Could you copy exactly the lines below from the one with "- For the last" to the one with "Sorprendente fotografía de", inclusive, leaving out any pictures?
*** Opening Dataset extract ***
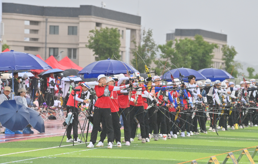 本次比賽共設(shè)置男子反曲弓個(gè)人、女子反曲弓個(gè)人、男子反曲弓團(tuán)體、女子反曲弓團(tuán)體、反曲弓混合團(tuán)體5個(gè)競(jìng)賽項(xiàng)目。當(dāng)日比賽中,江蘇隊(duì)、天津1隊(duì)、吉林1隊(duì)暫列女子反曲弓團(tuán)體前三名,山東隊(duì)、上海1隊(duì)、廣東隊(duì)暫列男子反曲弓團(tuán)體前三名。
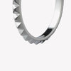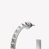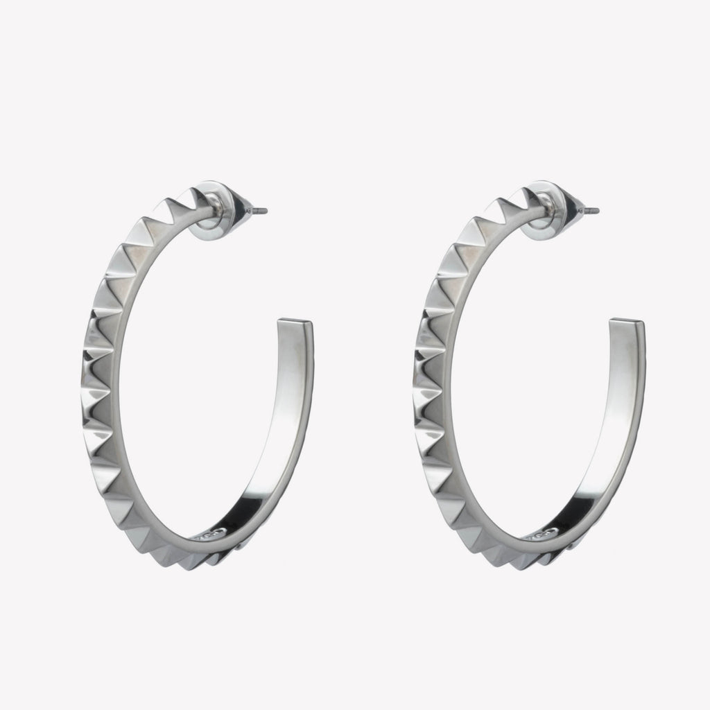 The Pyramid Hoop Earrings, finished in silver, have been created from our signature pyramid motif. Molded by hand and created to be lightweight, these timeless hoops can be worn throughout the day. Secure onto ear with custom Eddie Borgo earring backing. Surgical steel posts, for pierced ears.
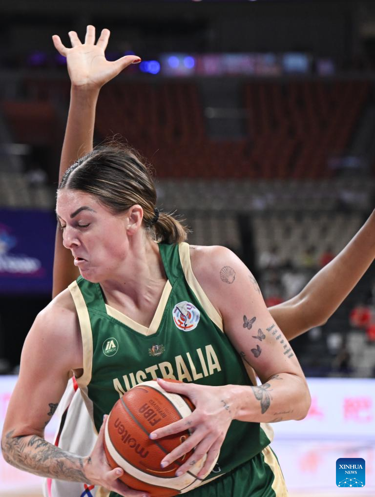 Cayla George of Australia competes during the Group B match between Australia and Japan at the FIBA Women's Asia Cup Division A 2025 in Shenzhen, south China's Guangdong Province, July 15, 2025. (Xinhua/Deng Hua)
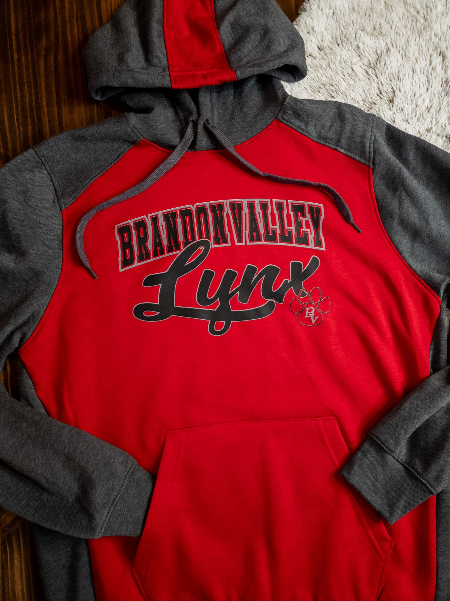 Express your enthusiasm with this colorblock spirit hoodie that showcases your mascot! It features a three-panel with a drawcord set-in sleeves with shoulder inserts, a front pouch pocket, and rib-knit cuffs and band making it a versatile choice for various activities, ensuring comfort. This classic-style hoodie is ideal for wearing all year round, whether for sports, casual outings, lounging at home. Available in youth, ladies and an adult fit. If you would like to add your name on the back, please select the personalization option.
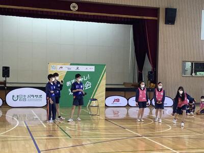 3年生と5組生徒が「子どもを笑顔にするプロジェクト」の一環で、「あすチャレ運動会」に参加しました。コロナ禍で行事等にさまざまな制約のある学校生活を送っている生徒たちに、「多様な体験活動を通じて笑顔になってほしい」という願いから企画されたものです。
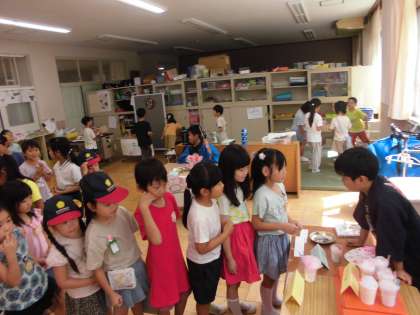 今日は交流学級のお友達を招いて「夏祭り」を行いました。
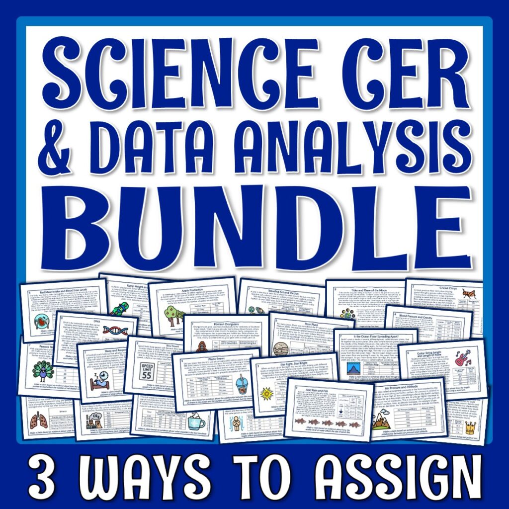 Need a meaningful way for early finishers to strengthen their scientific thinking skills? Keep these CER (Claim, Evidence, Reasoning) task cards ready to go. Each card presents students with a brief science scenario and a simple data table – no science background knowledge needed. When students finish early, they can grab a card, analyze the data, and practice writing claims based on evidence. Since there are 24 different scenarios covering topics from fish growth to gravitational potential energy, students can work through new challenges each time they finish early. Keep a folder of response sheets by your desk where students can record their CER responses. What I personally love about these cards is that because they focus only on scientific thinking rather than content knowledge, they work as fast finisher activities any time during the year, regardless of what unit you’re teaching.
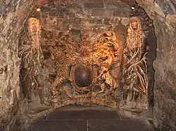 The coat or arms from the front of the Tholsel now stored in the crypt of Christchurch cathedral.
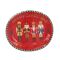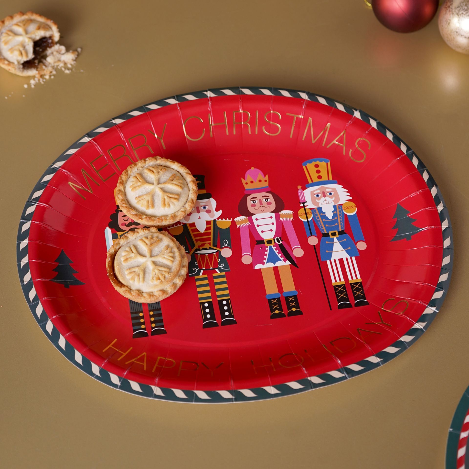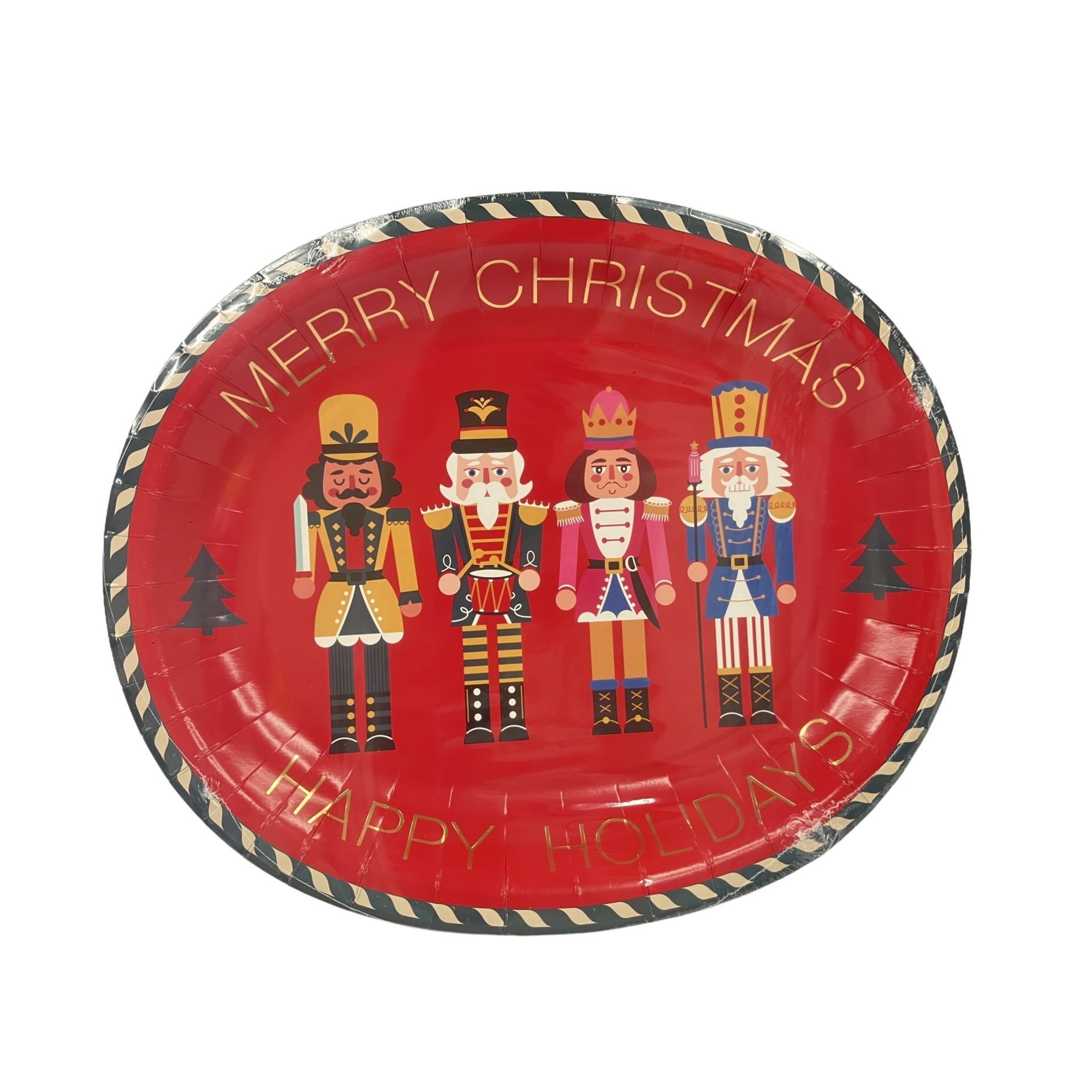 Each red oval-shaped plate features a "Merry Christmas" message and showcases several nutcracker figurines in the foreground, accented by classic Christmas trees. The playful motif and vibrant colours add a cheerful touch to seasonal tables.
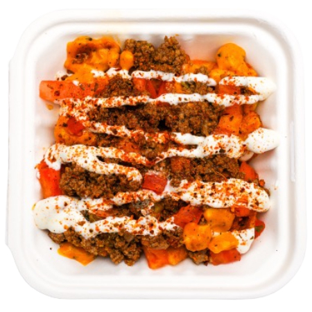 DELICIOUS POTATOES SMOTHERED WITH MEXICAN-STYLE QUESO BLANCO, GROUND BEEF, TOMATOES, SOUR CREAM AND OUR SPECIALLY BLENDED GUAC SEASONING. (130 Cals)
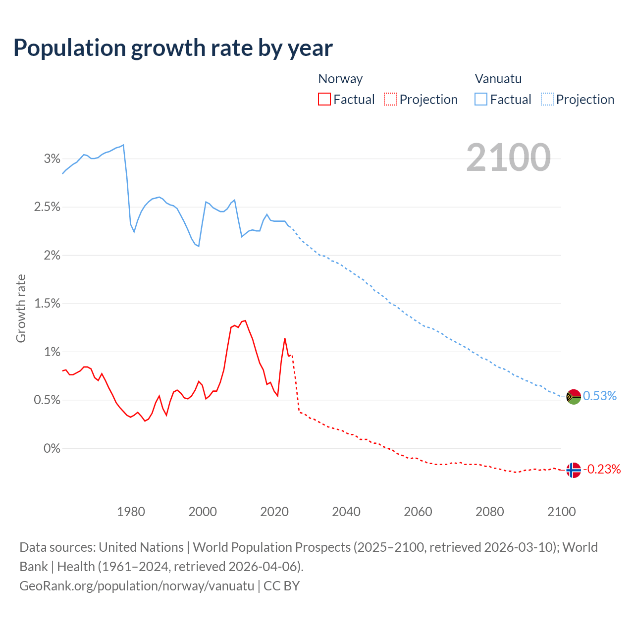 - For the last 10 years, Norway has had an average growth rate of +0.85% per year vs +2.33% in Vanuatu.
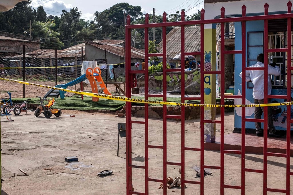Общ изглед на отцепеното от полицията училище по програмата за ранно детско развитие Ggaba след нападение срещу деца в Кампала в четвъртък. Снимка: AFP
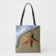 Sorprendente fotografía de playa, una estrella de mar naranja brillante en el borde del agua a punto de ser cubierta por una suave ola.
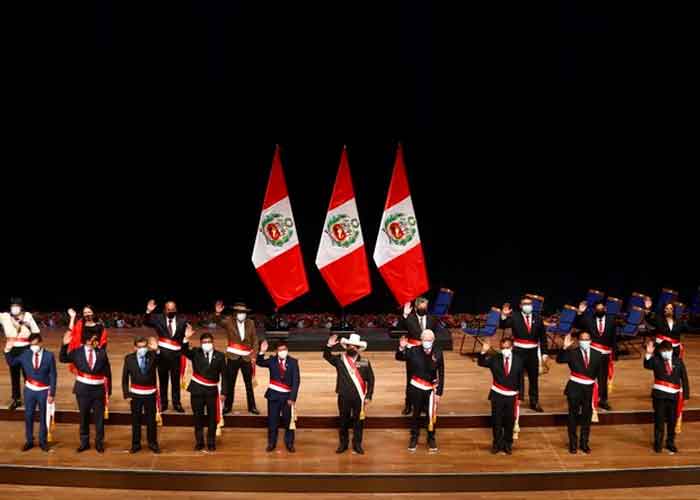 El nuevo presidente de Perú, Pedro Castillo juramentó en la noche del jueves en la capital del país a los ministros que formarán parte de su cartera ministerial.
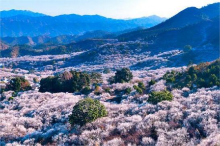 汕尾陆河县十多万亩梅花正在争妍斗艳。沿着蜿蜒的公路,在起伏的柏油路上穿行,沿途是连绵的青山和崭新美丽的村舍,层层叠叠的绿色与参差错落的亮色在眼前交错出现,被梅花包裹的村庄如梦似幻,上万亩梅花铺展成连绵的水墨画卷,清风吹过,暗香浮动。这里俨然是梅花的世界。
*** Closing Dataset extract ***
◆ **Exercise response**:
 - For the last 10 years, Norway has had an average growth rate of +0.85% per year vs +2.33% in Vanuatu.
Общ изглед на отцепеното от полицията училище по програмата за ранно детско развитие Ggaba след нападение срещу деца в Кампала в четвъртък. Снимка: AFP
 Sorprendente fotografía de playa, una estrella de mar naranja brillante en el borde del agua a punto de ser cubierta por una suave ola.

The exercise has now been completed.